The
night, however, was not very dark, and we found our way tolerably
well, though once in descending I had nearly tumbled into the nant
or dingle, now on our left hand. The bushes and trees, seen
indistinctly through the mist, had something the look of goblins,
and brought to my mind the elves, which Ab Gwilym of old saw, or
thought he saw, in a somewhat similar situation:-
"In every hollow dingle stood
Of wry-mouth'd elves a wrathful brood."
Drenched to the skin, but uninjured in body and limb, we at length
reached Llangollen.
CHAPTER XVIII
Venerable Old Gentleman - Surnames in Wales - Russia and Britain -
Church of England - Yriarte - The Eagle and his Young - Poets of
the Gael - The Oxonian - Master Salisburie.
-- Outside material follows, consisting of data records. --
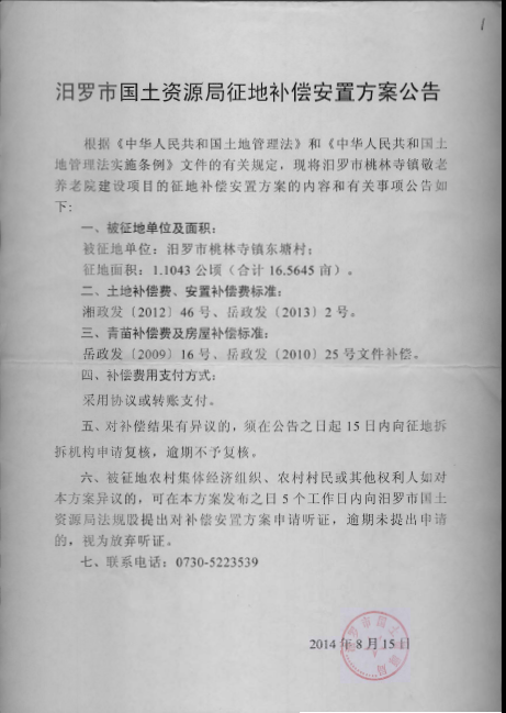 桃林寺镇东塘村敬老养老院建设补偿安置方案公告
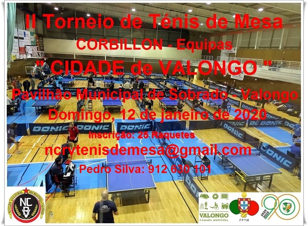 O Núcleo Cultural e Recreativo de Valongo vai realizar, com o apoio da Câmara Municipal de Valongo, 2 Torneios de Ténis de Mesa, no fim de semana de 11 e 12 de janeiro de 2020, a partir das 9h00, no Pavilhão Municipal de Sobrado.
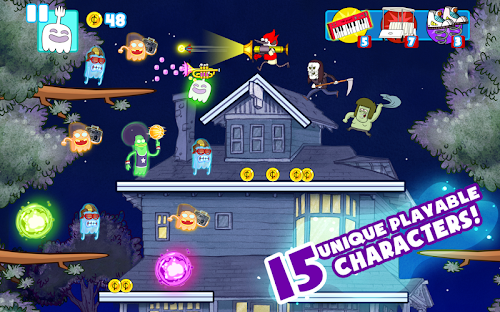 Unleash a spooky smackdown with a huge variety of characters. Play as Mordecai, Rigby, Pops, Margaret, Eileen, Baby Ducks, Thomas, Skips, Muscle Man, Benson, Guardian of Eternal Youth, Gary and Techmo. Each character features a unique attack and upgradeable skill tree, and you'll need to master all of them to conquer the game.
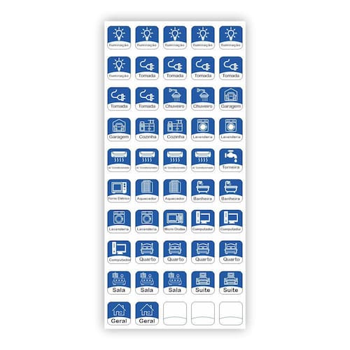 Adesivo Quadro Disjuntor Sinalização Energia Quadro De Força Medida de cada adesivo: 1,8 x 1,8 cm. A cartela contém 3 adesivos em branco para que possa ser escrito caso precise. A Cartela contém 50 adesivos sendo: Iluminação Tomada Chuveiro Garagem Cozinha Lavanderia Ar Condicionado Torneira Forno Elétrico Aquecedor Banheira Lavanderia Secadora Micro Ondas Computador Quarto Sala Suite Geral. Adesivos feitos em vinil e impressos com tinta eco-solvente não agride o meio ambiente . Não borram nem rasgam. Ean: 7898667236183
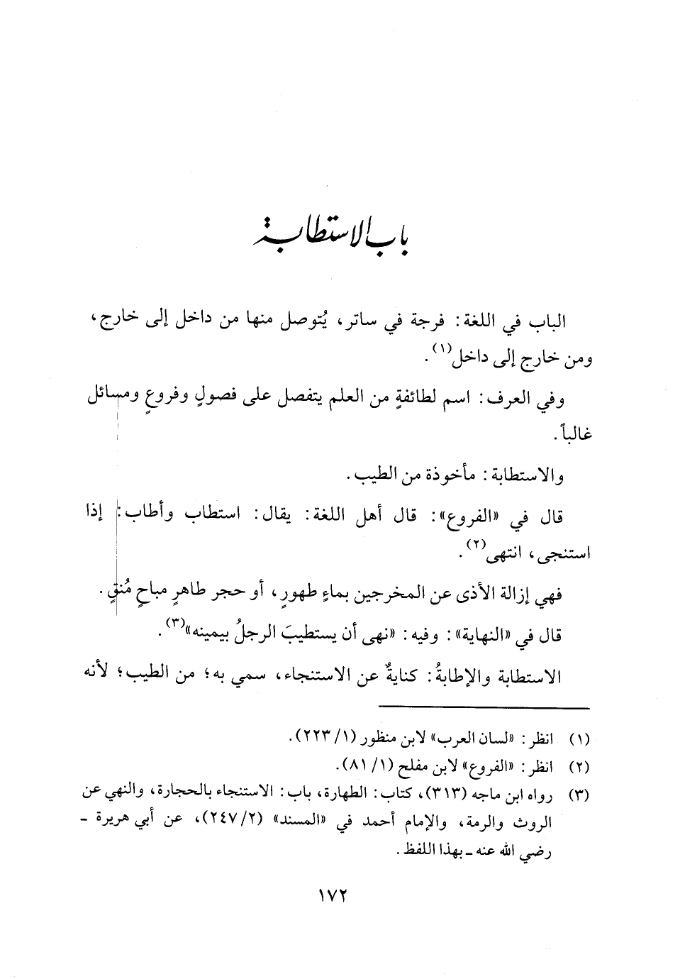 (٣) رواه ابن ماجه (٣١٣)، كتاب: الطهارة، باب: الاستنجاء بالحجارة، والنهي عن الروث والرمة، والإمام أحمد في "المسند" (٢/ ٢٤٧)، عن أبي هريرة - رضي الله عنه - بهذا اللفظ.

MY wife had told me that she had had some conversation upon the
Welsh language and literature with a venerable old man, who kept a
shop in the town, that she had informed him that I was very fond of
both, and that he had expressed a great desire to see me. One
afternoon I said: "Let us go and pay a visit to your old friend of
the shop. I think from two or three things which you have told me
about him, that he must be worth knowing." We set out. She
conducted me across the bridge a little way; then presently turning
to the left into the principal street, she entered the door of a
shop on the left-hand side, over the top of which was written:
"Jones; Provision Dealer and General Merchant.